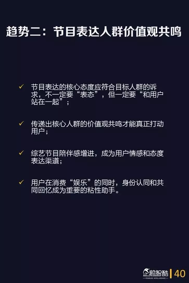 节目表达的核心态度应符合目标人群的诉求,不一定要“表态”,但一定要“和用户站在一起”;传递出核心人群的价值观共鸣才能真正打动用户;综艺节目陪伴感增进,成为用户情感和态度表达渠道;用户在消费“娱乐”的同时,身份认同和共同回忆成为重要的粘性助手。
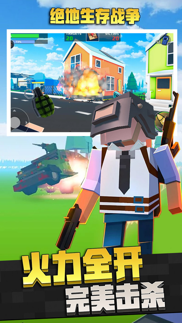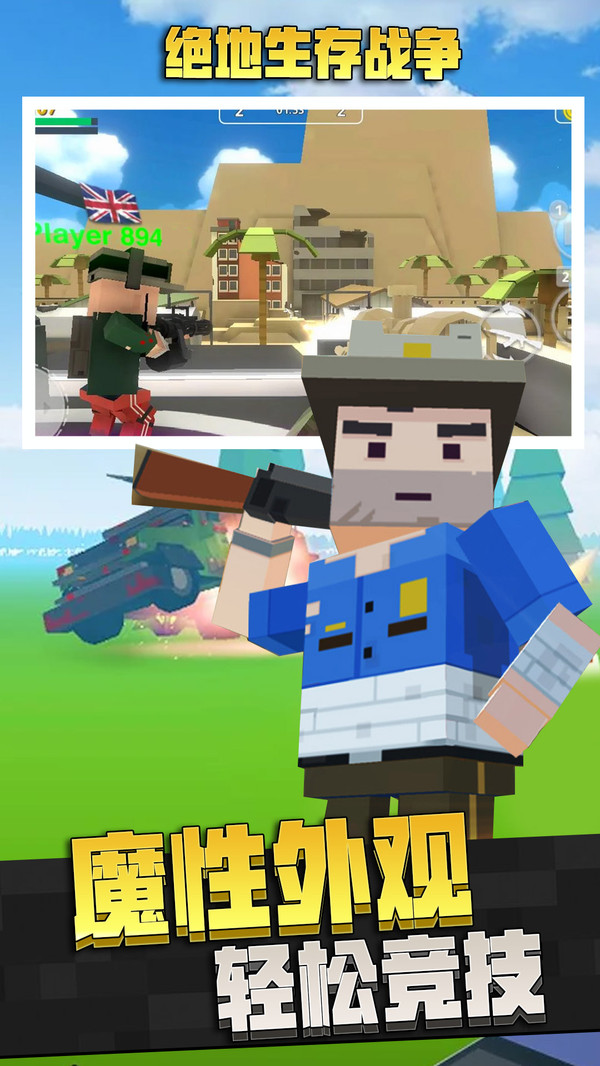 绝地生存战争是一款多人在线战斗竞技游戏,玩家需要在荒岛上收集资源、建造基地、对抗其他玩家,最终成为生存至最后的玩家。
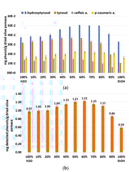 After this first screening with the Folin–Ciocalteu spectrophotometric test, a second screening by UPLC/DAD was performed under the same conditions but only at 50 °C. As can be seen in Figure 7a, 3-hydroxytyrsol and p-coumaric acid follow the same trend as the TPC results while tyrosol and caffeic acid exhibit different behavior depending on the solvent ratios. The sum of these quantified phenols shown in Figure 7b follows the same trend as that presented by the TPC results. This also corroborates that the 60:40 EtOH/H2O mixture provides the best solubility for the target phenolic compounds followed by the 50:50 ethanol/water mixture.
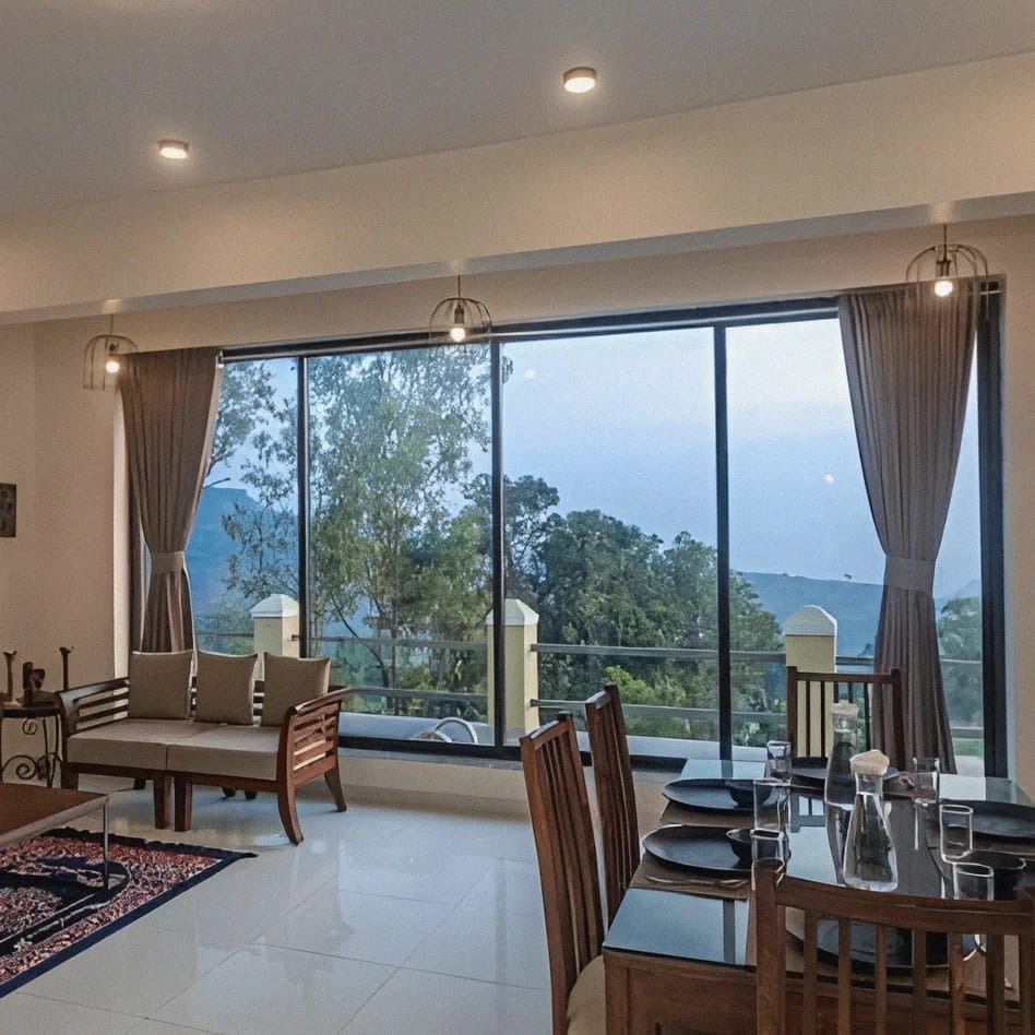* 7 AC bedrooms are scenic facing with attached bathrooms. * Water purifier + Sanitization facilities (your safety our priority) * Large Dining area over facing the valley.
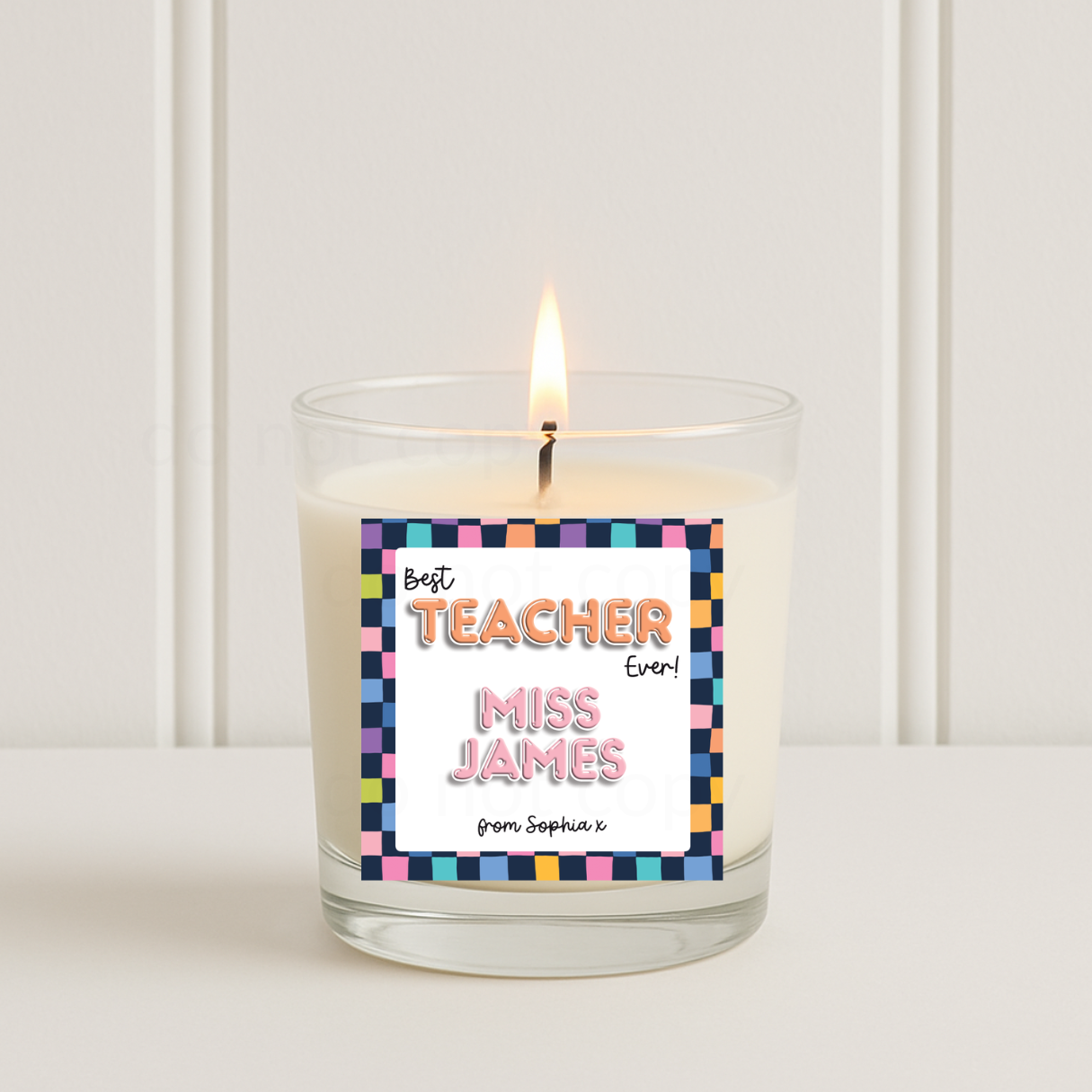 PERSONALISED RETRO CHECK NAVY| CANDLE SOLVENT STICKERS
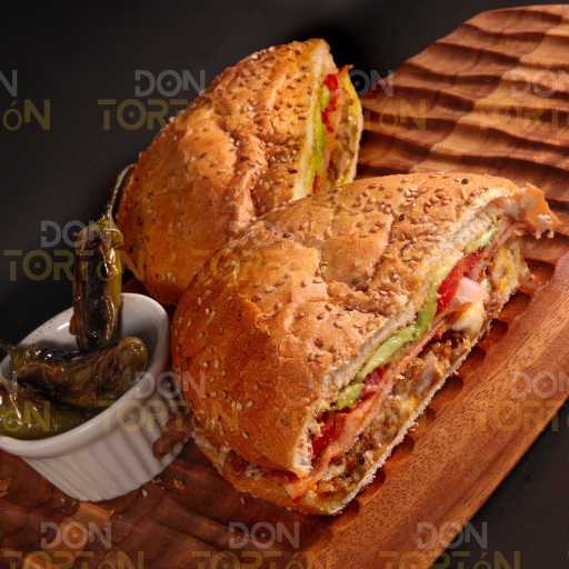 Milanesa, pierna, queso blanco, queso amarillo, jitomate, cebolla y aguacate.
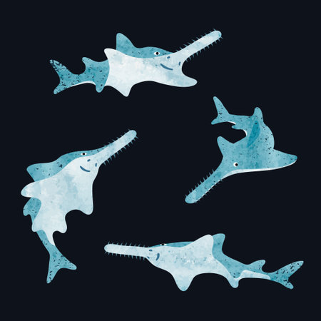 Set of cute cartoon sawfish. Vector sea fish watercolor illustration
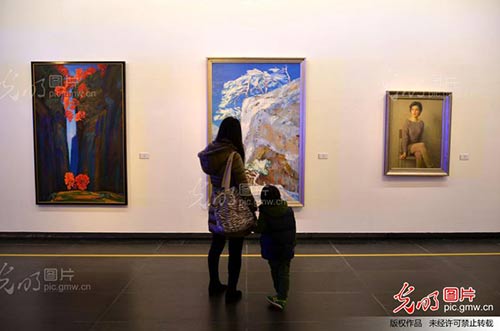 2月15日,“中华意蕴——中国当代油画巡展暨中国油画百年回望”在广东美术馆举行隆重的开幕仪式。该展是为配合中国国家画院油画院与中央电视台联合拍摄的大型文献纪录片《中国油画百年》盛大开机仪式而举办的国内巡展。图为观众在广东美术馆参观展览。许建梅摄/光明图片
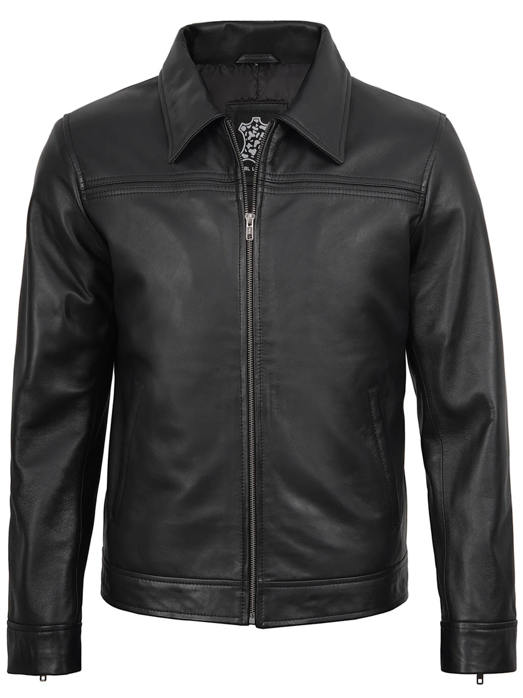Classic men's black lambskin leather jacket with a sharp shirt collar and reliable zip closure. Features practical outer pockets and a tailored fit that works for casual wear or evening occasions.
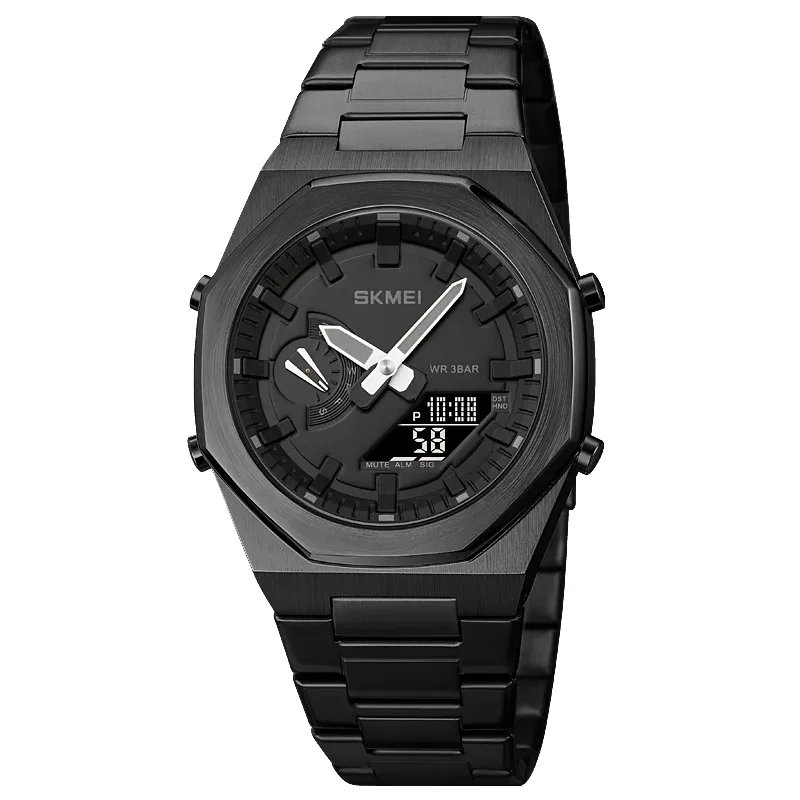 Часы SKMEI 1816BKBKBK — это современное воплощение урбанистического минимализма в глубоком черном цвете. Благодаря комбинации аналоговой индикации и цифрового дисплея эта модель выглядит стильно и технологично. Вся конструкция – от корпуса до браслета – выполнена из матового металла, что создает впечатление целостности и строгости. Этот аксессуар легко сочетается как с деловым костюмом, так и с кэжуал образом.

● What is expected
Copy out the listing above in full and keep the pictures out.

● Exercise solution
 节目表达的核心态度应符合目标人群的诉求,不一定要“表态”,但一定要“和用户站在一起”;传递出核心人群的价值观共鸣才能真正打动用户;综艺节目陪伴感增进,成为用户情感和态度表达渠道;用户在消费“娱乐”的同时,身份认同和共同回忆成为重要的粘性助手。
 绝地生存战争是一款多人在线战斗竞技游戏,玩家需要在荒岛上收集资源、建造基地、对抗其他玩家,最终成为生存至最后的玩家。
 After this first screening with the Folin–Ciocalteu spectrophotometric test, a second screening by UPLC/DAD was performed under the same conditions but only at 50 °C. As can be seen in Figure 7a, 3-hydroxytyrsol and p-coumaric acid follow the same trend as the TPC results while tyrosol and caffeic acid exhibit different behavior depending on the solvent ratios. The sum of these quantified phenols shown in Figure 7b follows the same trend as that presented by the TPC results. This also corroborates that the 60:40 EtOH/H2O mixture provides the best solubility for the target phenolic compounds followed by the 50:50 ethanol/water mixture.
* 7 AC bedrooms are scenic facing with attached bathrooms. * Water purifier + Sanitization facilities (your safety our priority) * Large Dining area over facing the valley.
 PERSONALISED RETRO CHECK NAVY| CANDLE SOLVENT STICKERS
 Milanesa, pierna, queso blanco, queso amarillo, jitomate, cebolla y aguacate.
 Set of cute cartoon sawfish. Vector sea fish watercolor illustration
 2月15日,“中华意蕴——中国当代油画巡展暨中国油画百年回望”在广东美术馆举行隆重的开幕仪式。该展是为配合中国国家画院油画院与中央电视台联合拍摄的大型文献纪录片《中国油画百年》盛大开机仪式而举办的国内巡展。图为观众在广东美术馆参观展览。许建梅摄/光明图片
Classic men's black lambskin leather jacket with a sharp shirt collar and reliable zip closure. Features practical outer pockets and a tailored fit that works for casual wear or evening occasions.
 Часы SKMEI 1816BKBKBK — это современное воплощение урбанистического минимализма в глубоком черном цвете. Благодаря комбинации аналоговой индикации и цифрового дисплея эта модель выглядит стильно и технологично. Вся конструкция – от корпуса до браслета – выполнена из матового металла, что создает впечатление целостности и строгости. Этот аксессуар легко сочетается как с деловым костюмом, так и с кэжуал образом.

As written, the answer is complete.